Data provided:

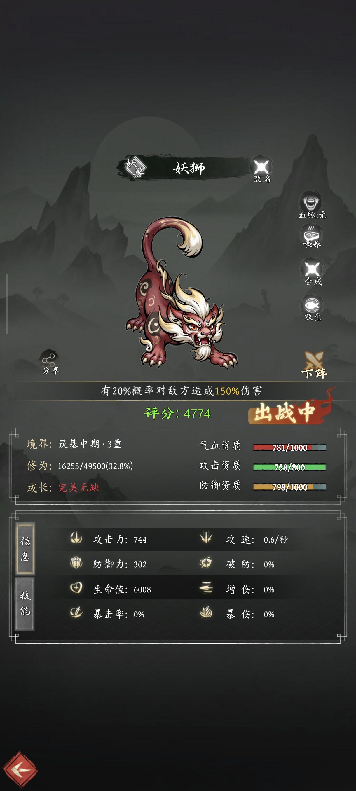 开局做主线任务,做完之后就筑基了,立刻去妖兽山脉抓宠物看到谁捉谁(免费的有三次,个人建议可以另外再买两次),这样的话如果不是太非会有几个或者一个好用的妖兽,本人运气比较好捉到了三个完美无缺,之后就大量抓其他宠物看资质给这些天赋比较好的妖兽融合提升资质。现在你就可以相对舒服的度过新手期。
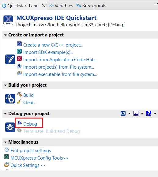 This section describes the steps required to configure MCUXpresso IDE to build, run, and debug example applications. The hello_world demo application targeted for the MCXW72-LOC hardware platform is used as an example, though these steps can be applied to any example application in the MCUXpresso SDK.
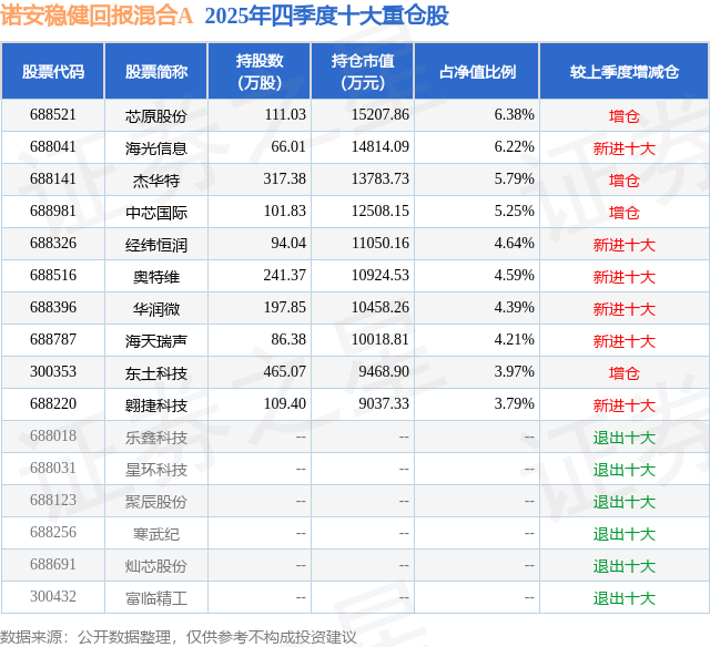 诺安稳健回报混合A的前十大重仓股如下:
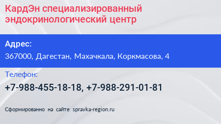 КардЭн, специализированный эндокринологический центр по адресу 367000, Дагестан, Махачкала, Коркмасова, 4 в дальнейшем Организация, размещена в следующих категориях:
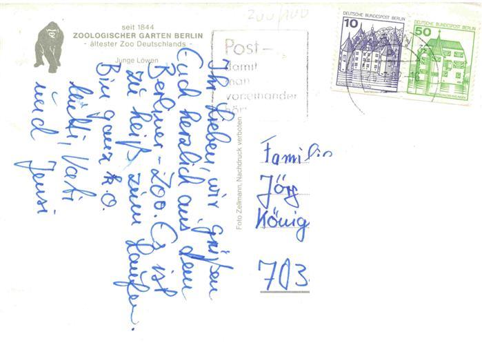 74007168 alte Postkarte Zoo Gardin Zoologique– Berlin Junge Loewen postalisch gelaufen Erhaltung siehe scans [IrynaD87] KatCode: 22540000004400
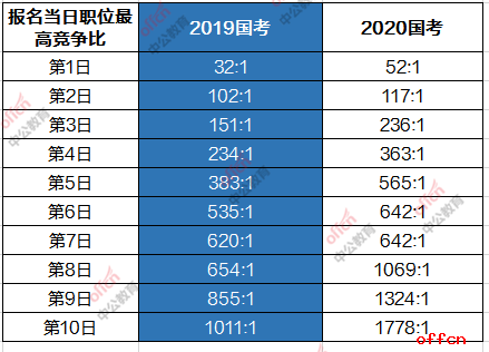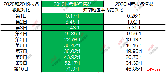 對(duì)比19國(guó)考報(bào)名期間每日競(jìng)爭(zhēng)比的職位來(lái)看,20國(guó)考河南地區(qū)每日?qǐng)?bào)名職位競(jìng)爭(zhēng)比,遠(yuǎn)超去年。
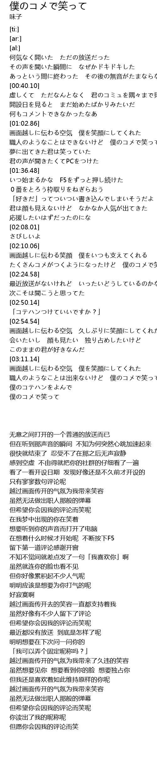 | [02:17.10] | たくさんコメがつくようになったけど 僕のコメで笑って |

Directions for this task: Take the line that contains "對(duì)比19國(guó" and every line after it to the end of the records above; quote them exactly, leaving out the pictures.

Exercise solution:
 對(duì)比19國(guó)考報(bào)名期間每日競(jìng)爭(zhēng)比的職位來(lái)看,20國(guó)考河南地區(qū)每日?qǐng)?bào)名職位競(jìng)爭(zhēng)比,遠(yuǎn)超去年。
 | [02:17.10] | たくさんコメがつくようになったけど 僕のコメで笑って |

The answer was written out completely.